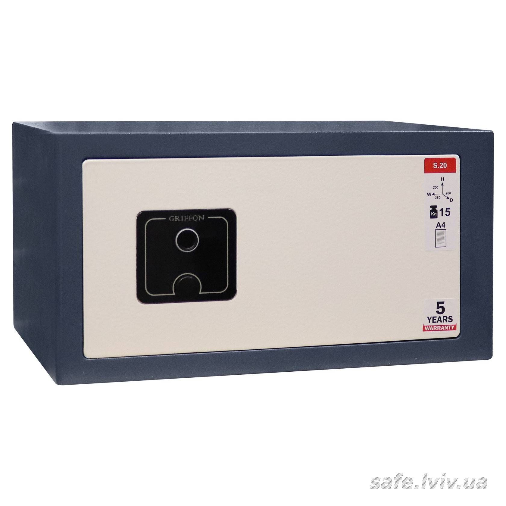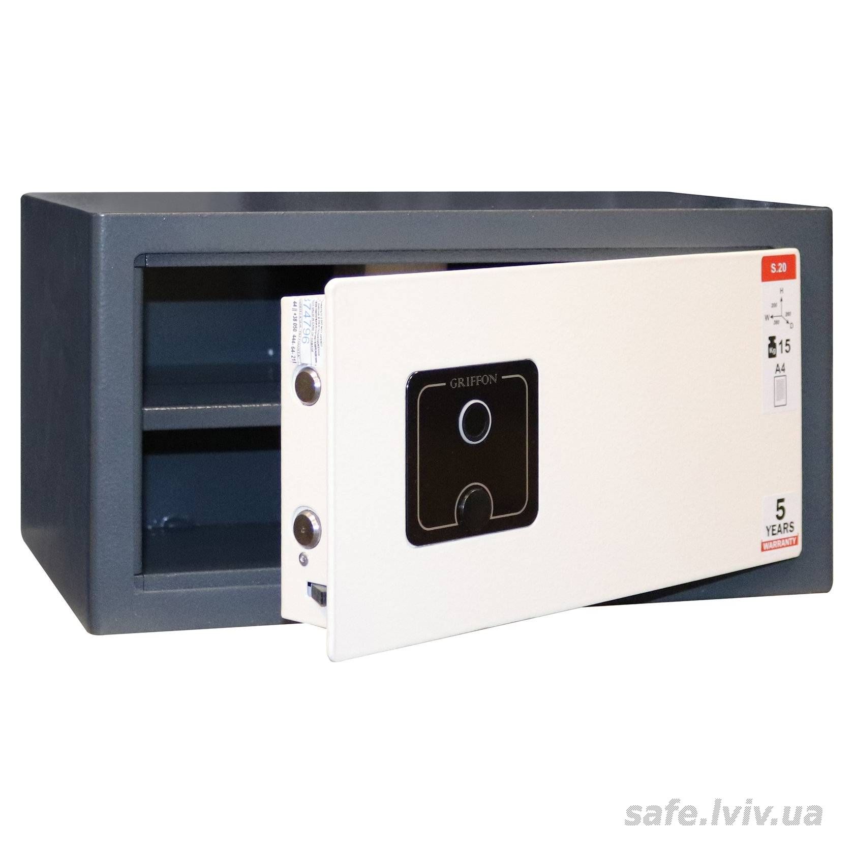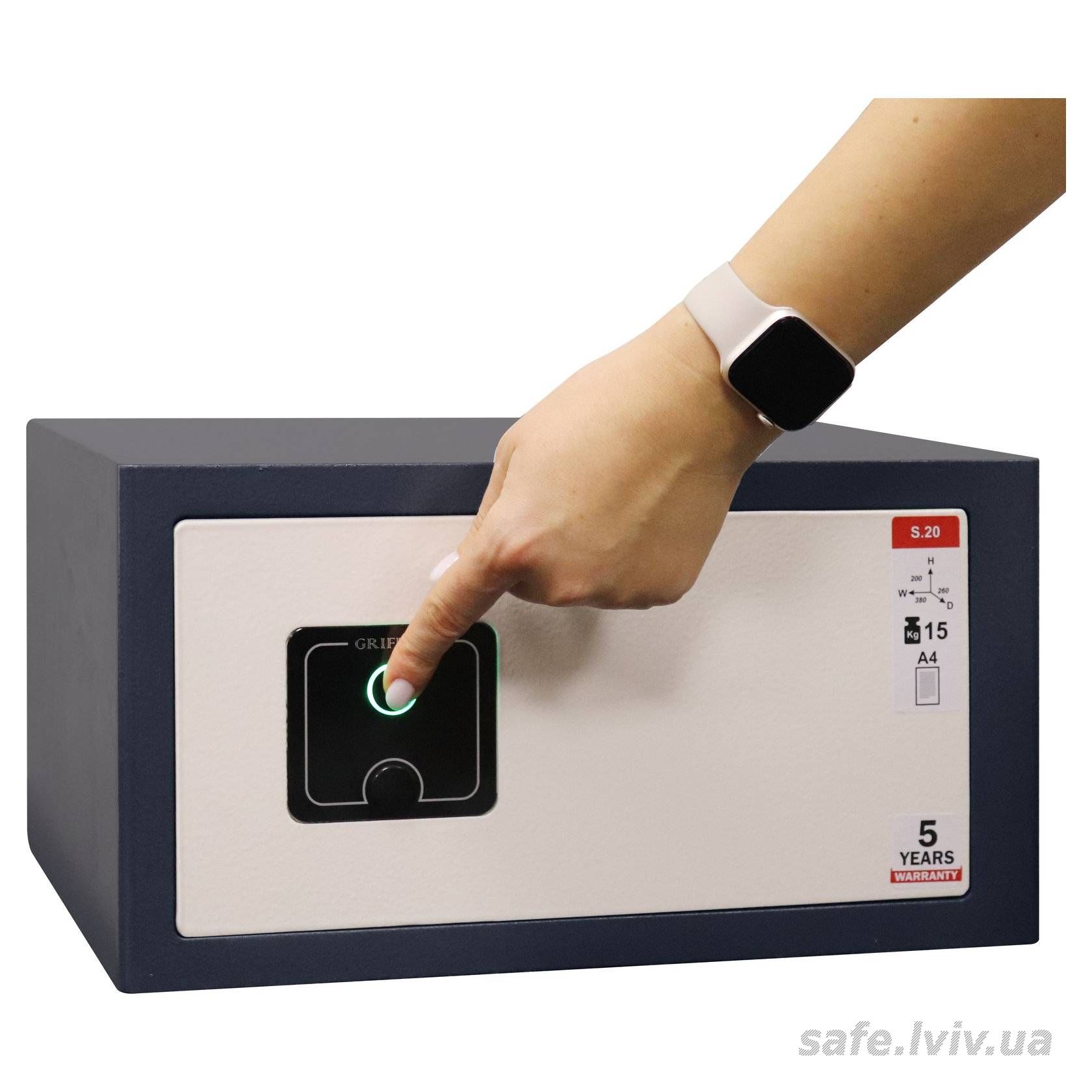 Griffon S.20.Fingerprint це сейф меблевий, для дому, призначений для надійного зберігання таких цінностей, як документи А4 у квартирі чи установі. Конструкція корпусу 3 мм (сталь), дверей 3 мм (сталь), ригельна система одностороння, 2 ригелі Ø 25 мм. Доступні виконання замка - біометричний GRIFFON.FP.LIGHT.
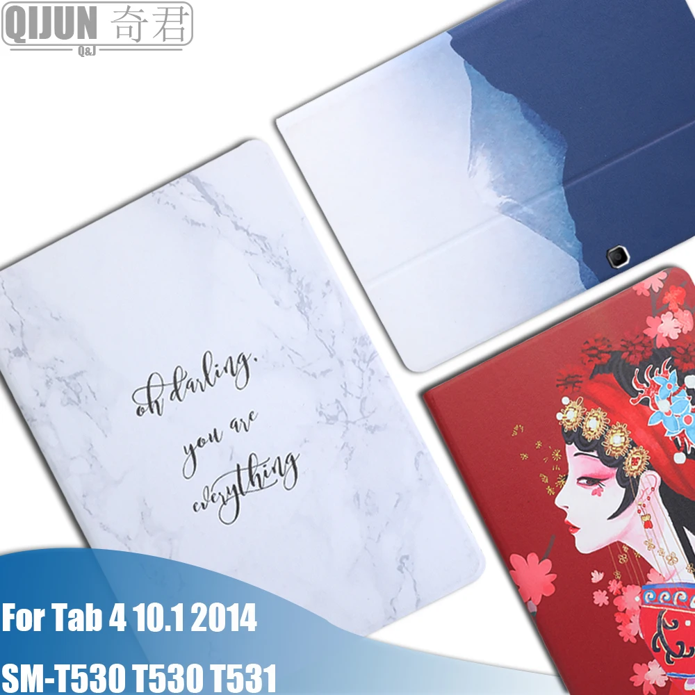 Чехол-книжка для планшета Samsung Galaxy Tab 4 10,1 дюйма 2014, защитный чехол-подставка, силиконовый мягкий чехол с рисунком, чехол для SM-T530 T535
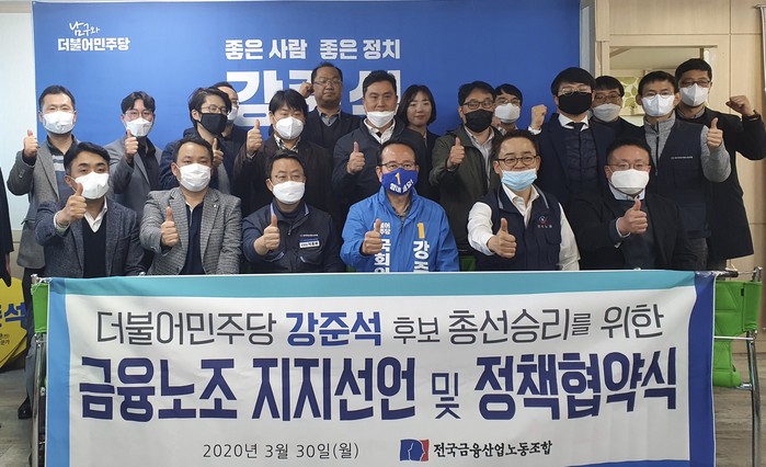 강준석 후보와 금융노조는 금융산업의 공공성 강화와 노동 존중사회 실현이 더불어민주당의 중요한 정책 목표라는 데 뜻을 같이하며, 정책 목표 달성을 위한 이행 과제로 정책협의서를 체결하고, 제21대 국회에서 협약 내용의 실천을 위해 연대하고 협력할 것을 약속했다.
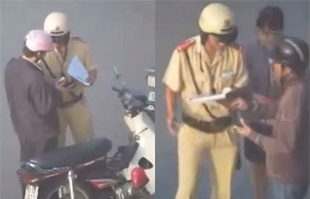 ông này đã đi ra một góc chuẩn bị và quay lại dúi vào tay anh CSGT. Anh
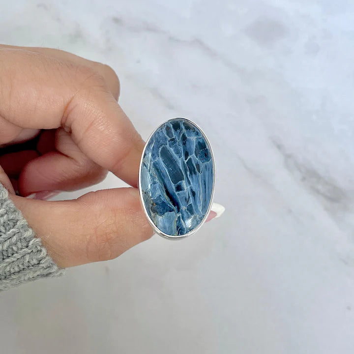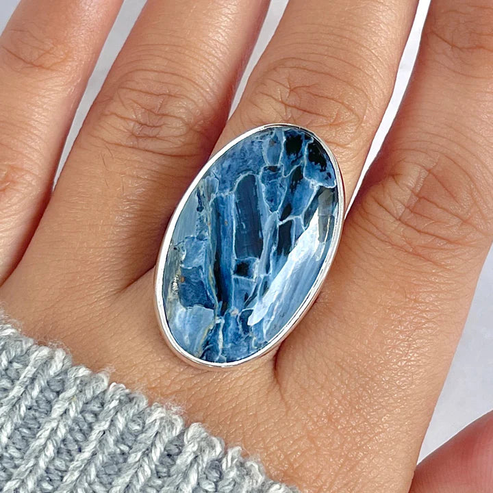Ein einzigartiger Ring, der die Eleganz von Silberschmuck mit der visuellen und energetischen Kraft von Pietersit kombiniert – eine ideale Wahl für diejenigen, die ein Schmuckstück mit besonderer Persönlichkeit suchen.
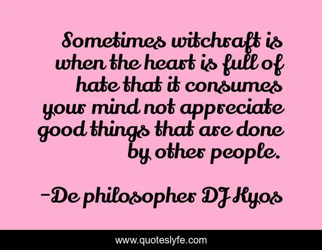 This page presents the quote "Sometimes witchraft is when the heart is full of hate that it consumes your mind not appreciate good things that are done by other people.". Author of this quote is De philosopher DJ Kyos. This quote is about motivation, love, witchcraft, friends, support, philosophy, quotes, affection, life-lessons,.
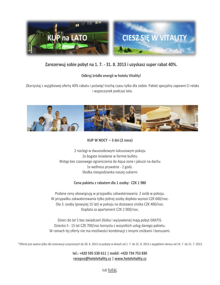 KUP na LATO CIESZ SIĘ W VITALITY Zarezerwuj sobie pobyt na 1. 7. - 31. 8. 2013 i uzyskasz super rabat 40%. Odkryj źródło energii w hotelu Vitality! Zkorzystaj z wyjątkowej oferty 40% rabatu i poświęć trochę czasu tylko dla siebie. Pakiet specjalny zapewni Ci relaks i wypoczynek podczas lata. KUP W NOCY – 3 dni (2 noce) 2 noclegi w dwuosobowym luksusowym pokoju 2x bogate śniadanie w formie bufetu Wstęp bez czasowego ograniczenia do Aqua zone i jakuzzi na dachu 1x wellness prywatne - 2 godz. Słodka niespodzianka naszej cukierni Cena pakietu z rabatem dla 1 osoby: CZK 1 980 Podane ceny obowiązują w przypadku zakwaterowania 2 osób w pokoju. W przypadku zakwaterowania tylko jednej osoby dopłata wynosi CZK 600/noc. Dla 3. osoby (powyżej 15 lat) w pokoju na dostawce zniżka CZK 400/noc. Dopłata za apartament CZK 2 000/noc. Dzieci do lat 5 bez świadczeń (łóżka i wyżywienia) mają pobyt GRATIS. Dziecko 5 - 15 lat CZK 700/noc korzysta z wszystkich usług danego pakietu. W ramach tej oferty nie ma możliwości kombinacji z innymi zniżkami i bonusami. *Oferta jest ważna tylko dla rezerwacji uczynionych do 28. 6. 2013 na pobyty w dniach od 1. 7. do 31. 8. 2013 z wyjątkiem okresu od 14. 7. do 21. 7. 2013. tel.: +420 595 530 611 | mobil: +420 734 753 830 [email protected] | www.hotelvitality.cz lub tutaj.
====
Task goal: Please output exactly the lines of the data above, from its first line through the line with "Чехол-книжка для планшета", and nothing else; drop the pictures.

Task response:
 Griffon S.20.Fingerprint це сейф меблевий, для дому, призначений для надійного зберігання таких цінностей, як документи А4 у квартирі чи установі. Конструкція корпусу 3 мм (сталь), дверей 3 мм (сталь), ригельна система одностороння, 2 ригелі Ø 25 мм. Доступні виконання замка - біометричний GRIFFON.FP.LIGHT.
 Чехол-книжка для планшета Samsung Galaxy Tab 4 10,1 дюйма 2014, защитный чехол-подставка, силиконовый мягкий чехол с рисунком, чехол для SM-T530 T535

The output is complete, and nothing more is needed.